What happens to men when their work is taken from them?
Barker Flett thinks of his father-in-law, Cuyler Goodwill, who, though in perfect health, is reduced to the inanities of travel and the false enthusiasms of backyard projects. No, he will not allow himself to slip into that kind of dotage. A number of kind friends have suggested he write his autobiography, but, no, the surfaces of his life have been smoothed and polished by the years so as to be almost ungraspable; where would he begin? He’ll work on his lady’s-slipper collection instead, it’s been years since he’s added a new specimen. Also, there are a couple of articles he’s been wanting to write, and — something altogether less academic — the editor of the Ottawa Recorder asked him to contribute a piece or two, perhaps even a weekly column, on horticulture in the Ottawa Carleton region. And he’ll go back to his old habit of taking the children for weekend walks, quizzing them as they ramble along the quiet streets on the common names of trees and shrubs. He can’t understand why these offspring of his are unable to retain such simple information about the natural world.

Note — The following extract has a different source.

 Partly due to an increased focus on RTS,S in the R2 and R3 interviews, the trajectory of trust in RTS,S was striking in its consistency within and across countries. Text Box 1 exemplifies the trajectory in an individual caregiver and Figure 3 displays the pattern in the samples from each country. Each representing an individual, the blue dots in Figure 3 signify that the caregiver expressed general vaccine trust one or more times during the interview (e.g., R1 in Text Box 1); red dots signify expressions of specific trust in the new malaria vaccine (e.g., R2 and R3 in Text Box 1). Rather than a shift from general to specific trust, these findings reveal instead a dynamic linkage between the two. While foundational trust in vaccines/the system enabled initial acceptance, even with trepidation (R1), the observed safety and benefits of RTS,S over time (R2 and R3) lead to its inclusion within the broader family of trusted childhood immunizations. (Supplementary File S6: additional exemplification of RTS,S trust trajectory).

He wonders, in fact, what they do fill their heads up with. He wonders, too, if they’re ashamed to be seen with a parent as old as he. A man old enough to be their grandfather, a man who’s lived through two world wars and served in neither. Who almost never engages in a game of backyard catch. Who scarcely ever swings them up in the air or fills their ears with nonsense at bedtime. A man too tired to mow his lawn at the end of the day.

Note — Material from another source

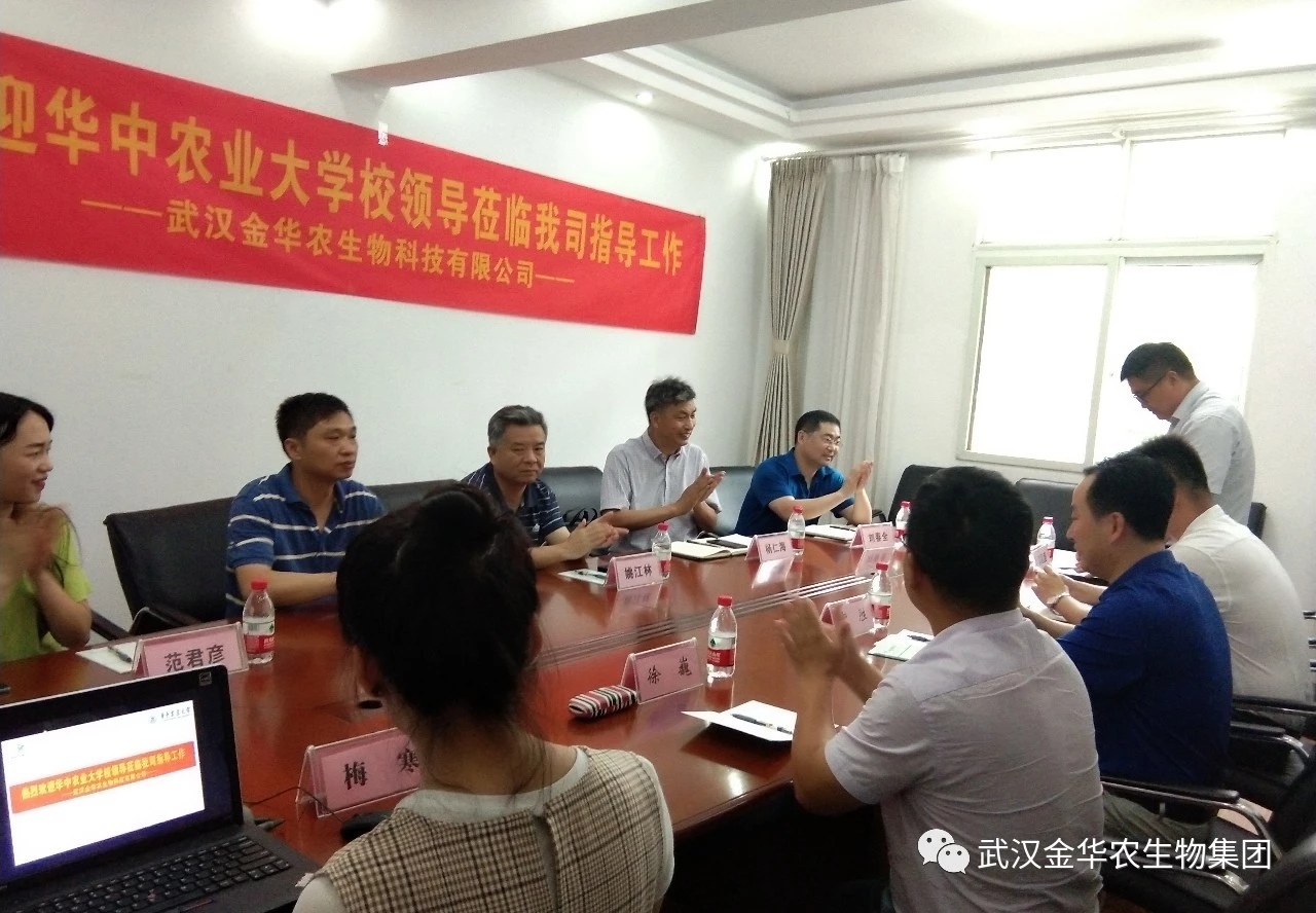 2019年6月12日,華中農(nóng)業(yè)大學(xué)黨委副書記、副校長姚江林,華中農(nóng)業(yè)大學(xué)資產(chǎn)經(jīng)營與后勤保障部部長李寒,華中農(nóng)業(yè)大學(xué)校友與基金工作辦公室主任楊仁海,華中農(nóng)業(yè)大學(xué)資產(chǎn)經(jīng)營與后勤保障部副部長劉春全,一行4人蒞臨武漢金華農(nóng)生物科技有限公司,就雙方深入開展校企聯(lián)合等工作進(jìn)行會(huì)談交流。

This day will end at eleven o’clock for the Flett family. The children will be in their beds much earlier, of course, with only a light sheet covering them, though a blanket will be fan-folded at the foot of the bed, ready to be pulled up for the cool early morning hours. The moon will have risen, a pale round peach at their windows. The branches of elms brush against the screens, and the whispery sound is absorbed straight into their dreams. Such sweetness of air. What heaven, this northerly city in the middle of its summer season. How blessed the members of the Flett family are, never mind their disparate ages, their hidden thoughts, and the fact that they have little in common.

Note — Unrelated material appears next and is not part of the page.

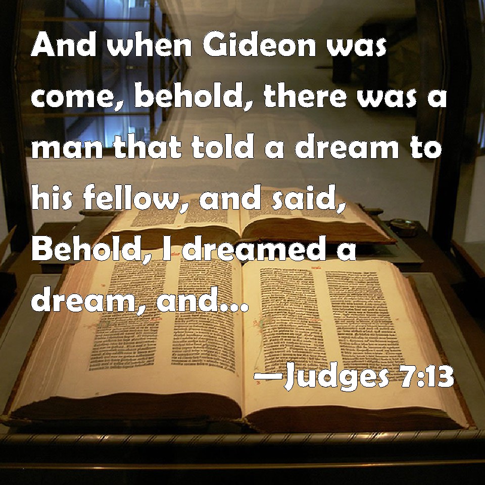 Choose a Background Judges 7:13 And when Gideon was come, behold, there was a man that told a dream to his fellow, and said, Behold, I dreamed a dream, and, see, a cake of barley bread tumbled into the host of Midian, and came to a tent, and smote it that it fell, and overturned it, that the tent lay along. KJV: And when Gideon was come, behold, there was a man that told a dream unto his fellow, and said, Behold, I dreamed a dream, and, lo, a cake of barley bread tumbled into the host of Midian, and came unto a tent, and smote it that it fell, and overturned it, that the tent lay along. DRB: And when Gedeon was come, one told his neighbour a dream: and in this manner related what he had seen: I dreamt a dream, and it seemed to me as if a hearth cake of barley bread rolled and came down into the camp of Madian: and when it was come to a tent it struck it, and beat it down flat to the ground. DBT: When Gideon came, behold, a man was telling a dream to his comrade; and he said, "Behold, I dreamed a dream; and lo, a cake of barley bread tumbled into the camp of Mid'ian, and came to the tent, and struck it so that it fell, and turned it upside down, so that the tent lay flat." ERV: And when Gideon was come, behold, there was a man that told a dream unto his fellow, and said, Behold, I dreamed a dream, and, lo, a cake of barley bread tumbled into the camp of Midian, and came unto the tent, and smote it that it fell, and turned it upside down, that the tent lay along. WBT: And when Gideon had come, behold, there was a man that told a dream to his fellow, and said, Behold, I dreamed a dream, and lo, a cake of barley-bread rolled into the host of Midian, and came to a tent, and smote it that it fell, and overturned it that the tent lay along. WEB: When Gideon had come, behold, there was a man telling a dream to his fellow; and he said, "Behold, I dreamed a dream; and behold, a cake of barley bread tumbled into the camp of Midian, and came to the tent, and struck it so that it fell, and turned it upside down, so that the tent lay flat." YLT: And Gideon cometh in, and lo, a man is recounting to his companion a dream, and saith, 'Lo, a dream I have dreamed, and lo, a cake of barley-bread is turning itself over into the camp of Midian, and it cometh in unto the tent, and smiteth it, and it falleth, and turneth it upwards, and the tent hath fallen.'Links Judges 7:13 NIV • Judges 7:13 NLT • Judges 7:13 ESV • Judges 7:13 NASB • Judges 7:13 KJV • Judges 7:13 Interlinear • Judges 7:13 Commentaries • Judges 7:13 Parallel Texts • Judges 7:13 Bible Apps • Judges 7:13 Parallel • Bible Hub |

Mr. and Mrs. Barker Flett settle in their big double bed with the Hollywood headboard, he with the latest issue of The Botanical Journal and she flipping through the pages of Better Homes and Gardens. Quietude, propriety. A single moth flits back and forth between his bedside lamp and hers. Half an hour later, as though summoned by a bell, the two of them turn, embrace cordially, and reach for the light switch. Despite the heat they drift easily into sleep, each of them feeling full of trust for the other, but then they would, wouldn’t they?